▶ **EXERCISE**:
Each record below is to be output unchanged, and any picture is to be dropped.

::: INFORMATION SHOWN

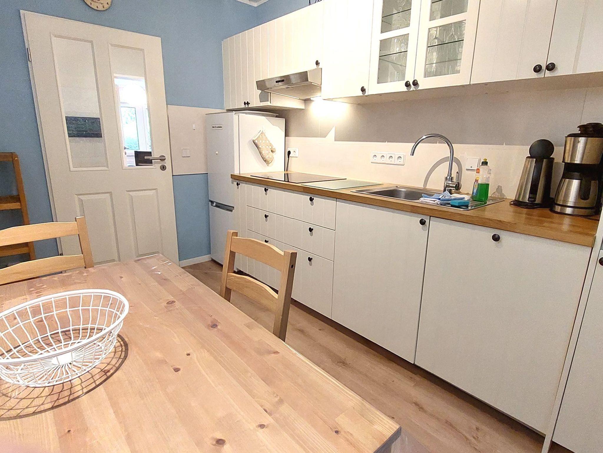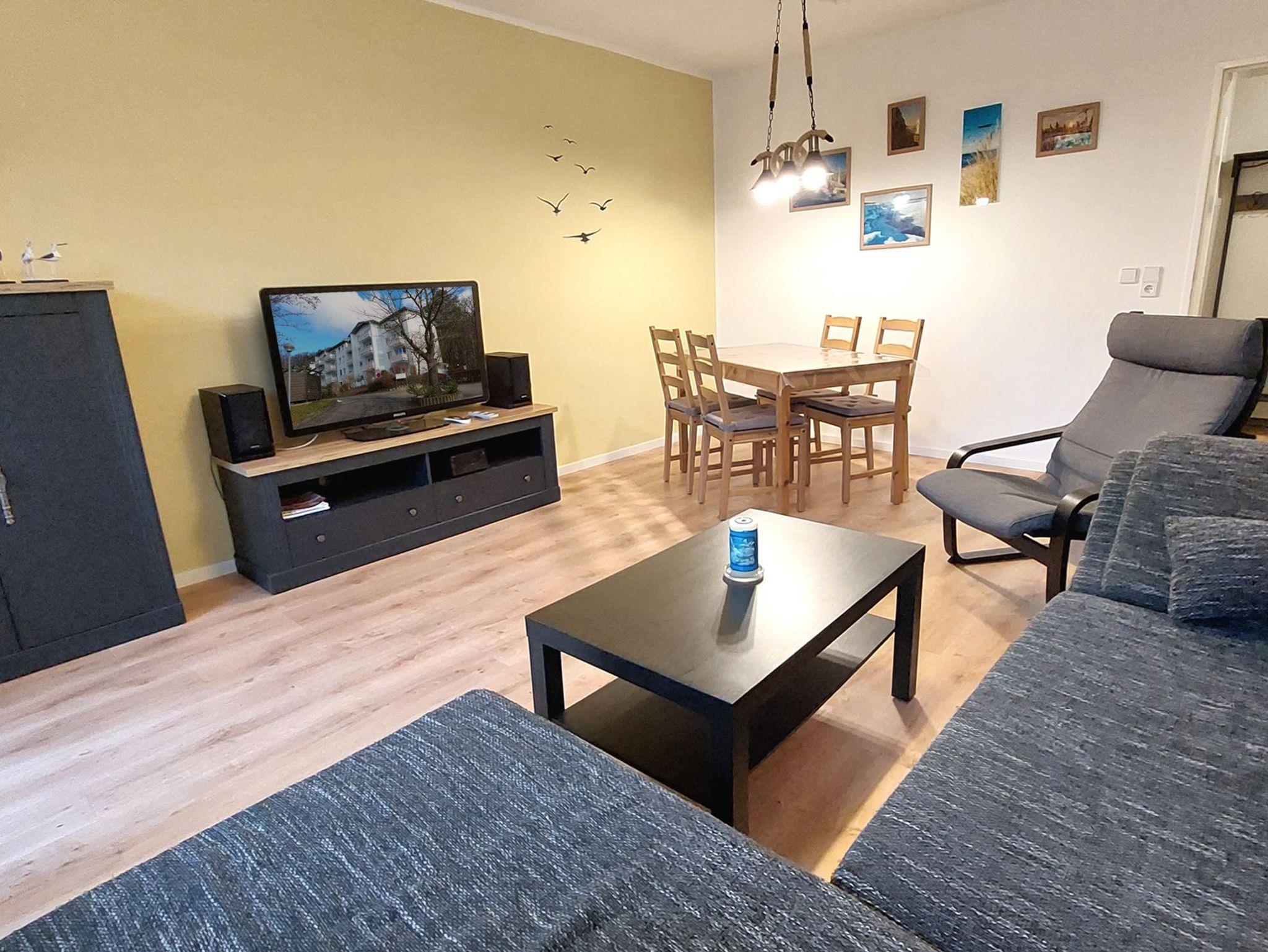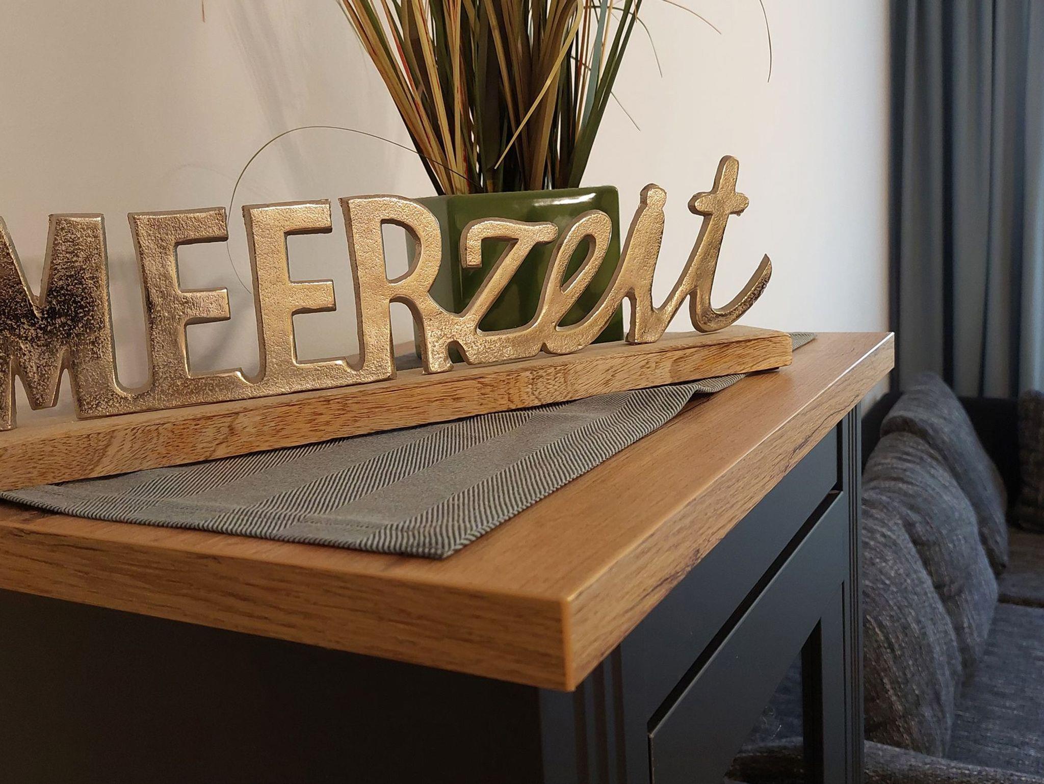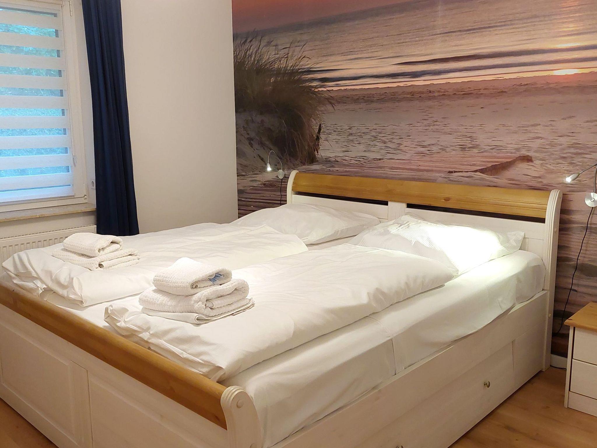 Das 4-Raumapartement MeerZeit ist eine geräumige und familienfreundliche Wohnung mit einer Größe von 78 qm. Sie befindet sich im Erdgeschoss eines Hauses. Die Wohnung verfügt über einen großen Flurbereich mit Garderobe, von dem aus alle Zimmer zugänglich sind. Die separate Küche ist voll ausgestattet und bietet auch einen kleinen Essbereich. Im Badezimmer gibt es eine ebenerdige Dusche, ein WC und eine eigene Waschmaschine. Das Hauptschlafzimmer verfügt über ein Doppelbett. In den beiden Kinderzimmern befindet sich jeweils ein Kojenbett, das je nach Bedarf als Einzel- oder Doppelbett genutzt werden kann. Im Wohnzimmer lädt ein weiterer Essbereich und eine gemütliche Sitzlandschaft zum Verweilen ein. Dort sorgen ein großer Flachbild-TV, kostenfreies WLAN und eine kleine Musikanlage für Unterhaltung bei jeder Wetterlage. Vom Wohnbereich aus gelangt man auf die möblierte Terrasse in südwestlicher Richtung. Von dort aus hat man einen Blick ins Grüne und auch auf den eigenen PKW-Außenstellplatz.
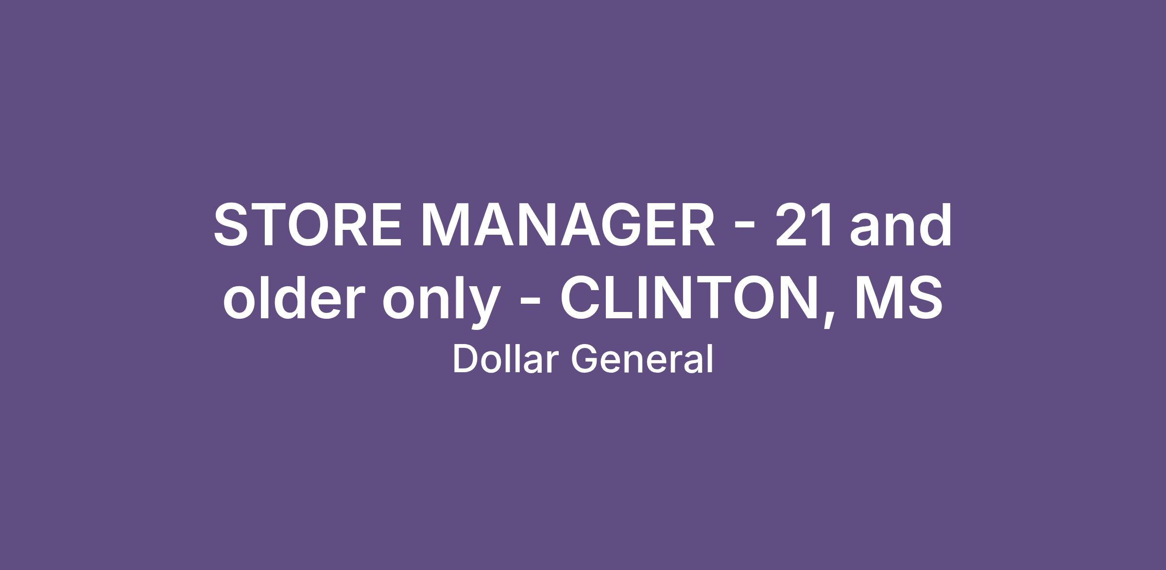 STORE MANAGER - 21 and older only - CLINTON, MS
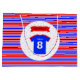 This 8th birthday gift bag is brightly colored, and great for both boys and girls. Add the name of the birthday girl or boy to personalize it. The red birthday banner declares "BIRTHDAY" in black capital letters - or this too can be edited. The red and blue stripes match the striped tissue paper also available in the collection.
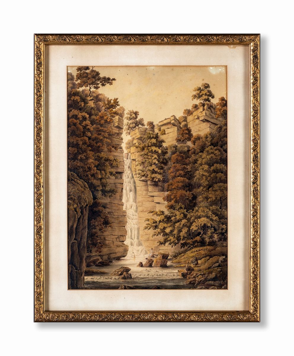 Cascata di Cavagrande del Cassibile nella Sicilia orientale con pittore al cavalletto e ninfe
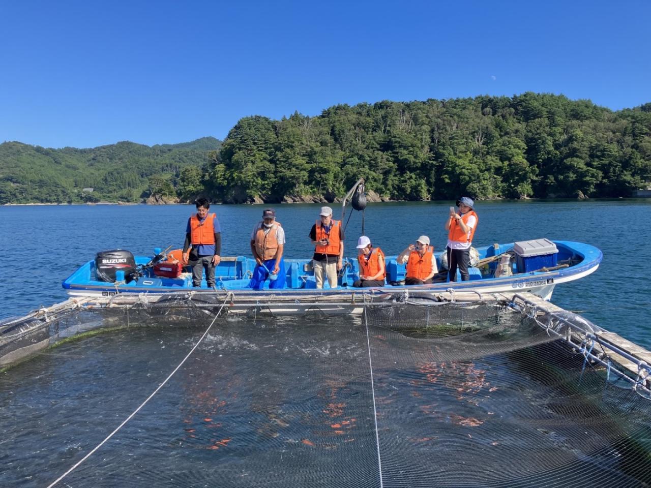 オカムラで今夏実施した「サステナビリティ研修 in 釜石・エヌエスオカムラ」では、一部でかまいしDMC提供の研修プログラムを取り入れました。震災伝承と防災について学ぶ「いのちをつなぐ未来館」訪問や2019年ラグビーワールドカップの試合も行われた「釡石鵜住居(うのすまい)復興スタジアム」を見学、地元漁師の方の案内で漁船に乗る漁業体験など多様なプログラムを通じて震災の記憶と復興を知り、釜石の自然も体感しました。
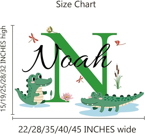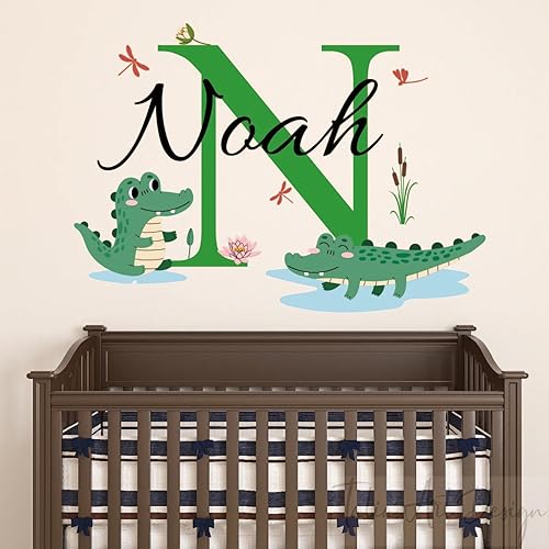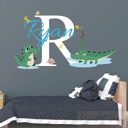 Autocollant mural personnalisé en forme de crocodile avec initiale alligator pour chambre de garçon et chambre d'enfant.
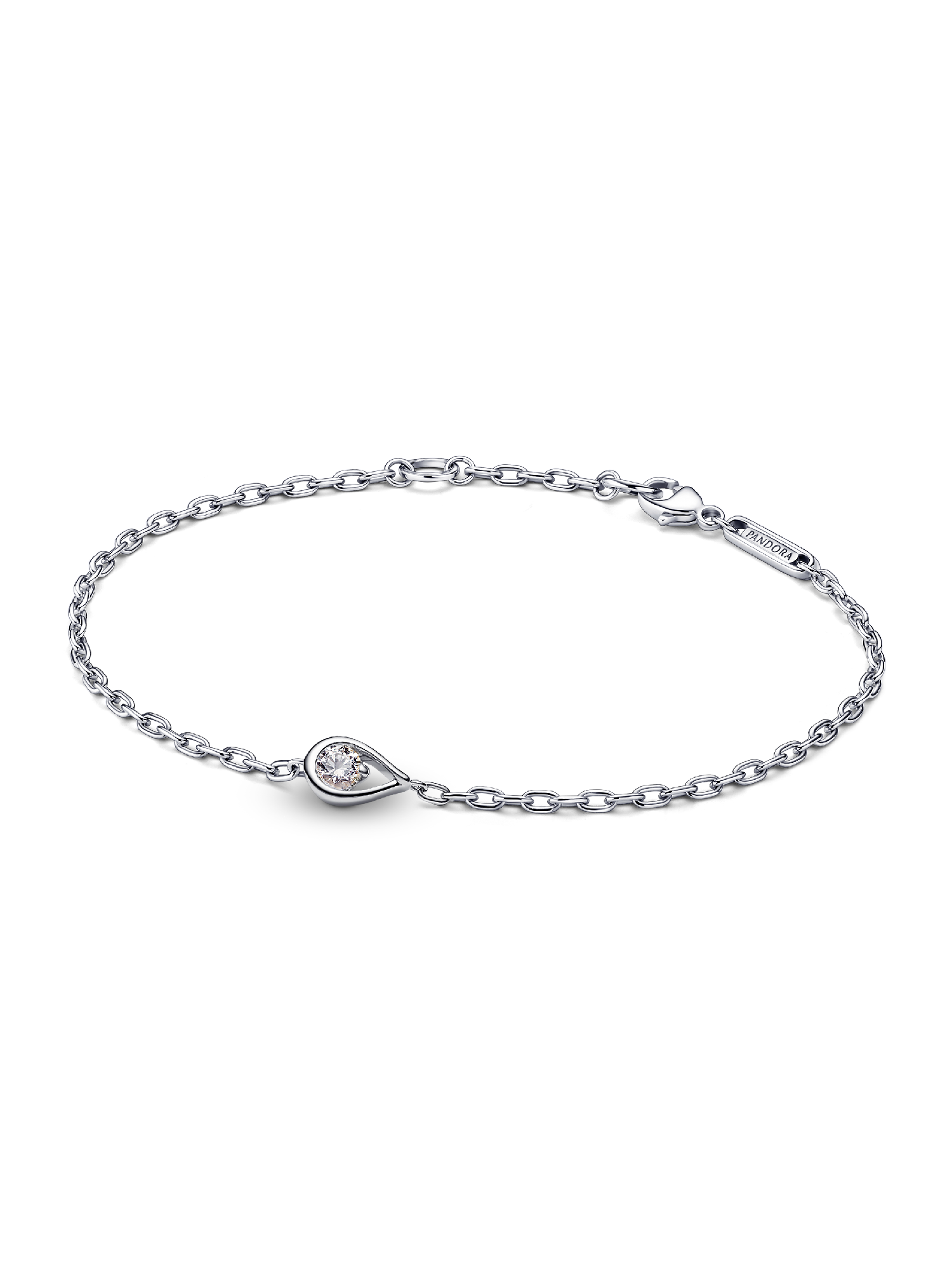 A new take on modern elegance in sterling silver, our lab-grown diamond chain bracelet showcases a 0.15 carat lab-grown diamond, hand-set within a modern infinity motif that symbolizes infinite joy, optimism and strength. The simplicity of a fine sterling silver chain complements the radiance of the lab-grown diamond centerpiece, creating a meaningful statement that shines as brightly as you. Two jump rings make the chain easily adjustable for the perfect fit. Each Pandora Lab-grown diamond is treated with a post-growth color enhancement called annealing.
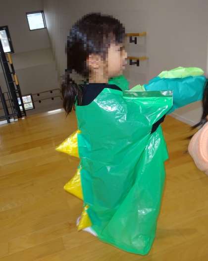 また、廊下で、そら組さんの生活発表会の劇遊び「わんぱくだん」の衣装を見つけました。そら組のお部屋まで「使ってもいい?」と先生に聞きに行くと、「いいよ」と言ってもらって、「みんなー!これ使ってもいいって!」と友達にお知らせしてくれました。衣装を着けて「いちご組のわんぱくだんごっこ」が始まりましたよ。
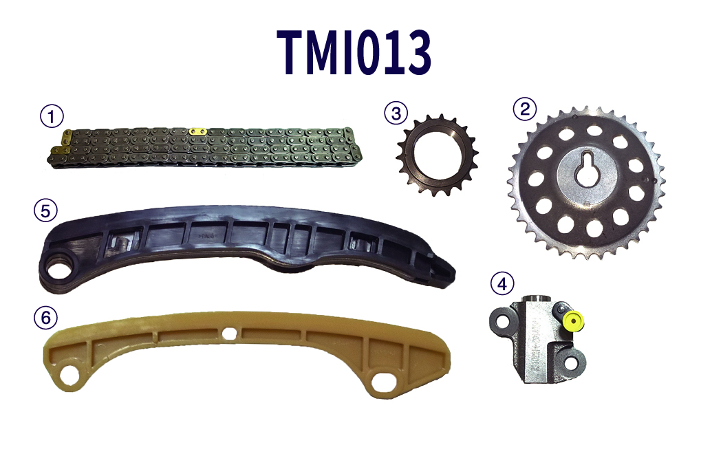 時規修理包 TIMING KIT TMI013-01 MN128497 TIMING CHAIN 122L TMI013-02 MR984193 CAM GEAR (2PCS) TMI013-03 MR984366 ONLY CRANK GEAR TMI013-04 MN128498 TENSIONER TMI013-05 MR984190 GUIDE RIGHT TMI013-06 MR984189 GUIDE LEFT
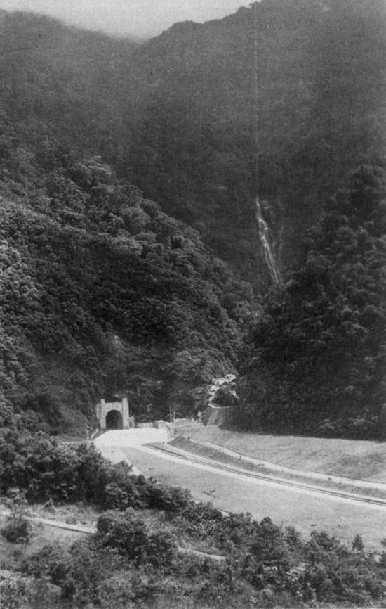Entrada da Usina Subterrânea - incrustada na escarpa da Serra do Mar e emoldurada pela Mata Atlântica. Capacidade geradora da Usina - 390.000 kW
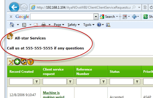 For example, if the URL your client uses to bring up your WBI login page is normally http://192.168.1.104/AyaNovaWBI/login.aspx, provide to your client the following URL link instead
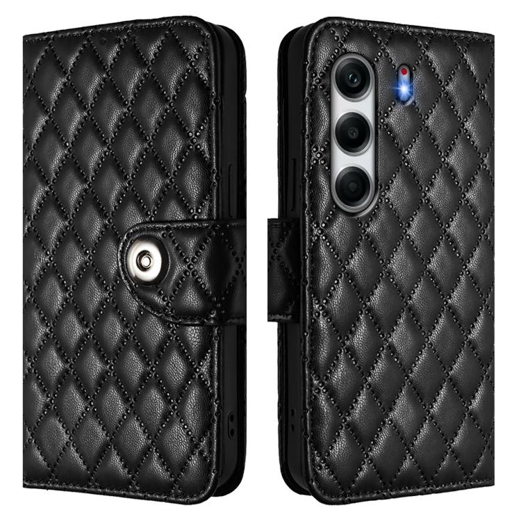 Funda de Cuero con Textura Rómbica y Cordón para Tecno Camon 40 4G (Negro)

::::::

▶ **FINISHED EXERCISE**:
 Das 4-Raumapartement MeerZeit ist eine geräumige und familienfreundliche Wohnung mit einer Größe von 78 qm. Sie befindet sich im Erdgeschoss eines Hauses. Die Wohnung verfügt über einen großen Flurbereich mit Garderobe, von dem aus alle Zimmer zugänglich sind. Die separate Küche ist voll ausgestattet und bietet auch einen kleinen Essbereich. Im Badezimmer gibt es eine ebenerdige Dusche, ein WC und eine eigene Waschmaschine. Das Hauptschlafzimmer verfügt über ein Doppelbett. In den beiden Kinderzimmern befindet sich jeweils ein Kojenbett, das je nach Bedarf als Einzel- oder Doppelbett genutzt werden kann. Im Wohnzimmer lädt ein weiterer Essbereich und eine gemütliche Sitzlandschaft zum Verweilen ein. Dort sorgen ein großer Flachbild-TV, kostenfreies WLAN und eine kleine Musikanlage für Unterhaltung bei jeder Wetterlage. Vom Wohnbereich aus gelangt man auf die möblierte Terrasse in südwestlicher Richtung. Von dort aus hat man einen Blick ins Grüne und auch auf den eigenen PKW-Außenstellplatz.
 STORE MANAGER - 21 and older only - CLINTON, MS
 This 8th birthday gift bag is brightly colored, and great for both boys and girls. Add the name of the birthday girl or boy to personalize it. The red birthday banner declares "BIRTHDAY" in black capital letters - or this too can be edited. The red and blue stripes match the striped tissue paper also available in the collection.
 Cascata di Cavagrande del Cassibile nella Sicilia orientale con pittore al cavalletto e ninfe
 オカムラで今夏実施した「サステナビリティ研修 in 釜石・エヌエスオカムラ」では、一部でかまいしDMC提供の研修プログラムを取り入れました。震災伝承と防災について学ぶ「いのちをつなぐ未来館」訪問や2019年ラグビーワールドカップの試合も行われた「釡石鵜住居(うのすまい)復興スタジアム」を見学、地元漁師の方の案内で漁船に乗る漁業体験など多様なプログラムを通じて震災の記憶と復興を知り、釜石の自然も体感しました。
 Autocollant mural personnalisé en forme de crocodile avec initiale alligator pour chambre de garçon et chambre d'enfant.
 A new take on modern elegance in sterling silver, our lab-grown diamond chain bracelet showcases a 0.15 carat lab-grown diamond, hand-set within a modern infinity motif that symbolizes infinite joy, optimism and strength. The simplicity of a fine sterling silver chain complements the radiance of the lab-grown diamond centerpiece, creating a meaningful statement that shines as brightly as you. Two jump rings make the chain easily adjustable for the perfect fit. Each Pandora Lab-grown diamond is treated with a post-growth color enhancement called annealing.
 また、廊下で、そら組さんの生活発表会の劇遊び「わんぱくだん」の衣装を見つけました。そら組のお部屋まで「使ってもいい?」と先生に聞きに行くと、「いいよ」と言ってもらって、「みんなー!これ使ってもいいって!」と友達にお知らせしてくれました。衣装を着けて「いちご組のわんぱくだんごっこ」が始まりましたよ。
 時規修理包 TIMING KIT TMI013-01 MN128497 TIMING CHAIN 122L TMI013-02 MR984193 CAM GEAR (2PCS) TMI013-03 MR984366 ONLY CRANK GEAR TMI013-04 MN128498 TENSIONER TMI013-05 MR984190 GUIDE RIGHT TMI013-06 MR984189 GUIDE LEFT
Entrada da Usina Subterrânea - incrustada na escarpa da Serra do Mar e emoldurada pela Mata Atlântica. Capacidade geradora da Usina - 390.000 kW
 For example, if the URL your client uses to bring up your WBI login page is normally http://192.168.1.104/AyaNovaWBI/login.aspx, provide to your client the following URL link instead
 Funda de Cuero con Textura Rómbica y Cordón para Tecno Camon 40 4G (Negro)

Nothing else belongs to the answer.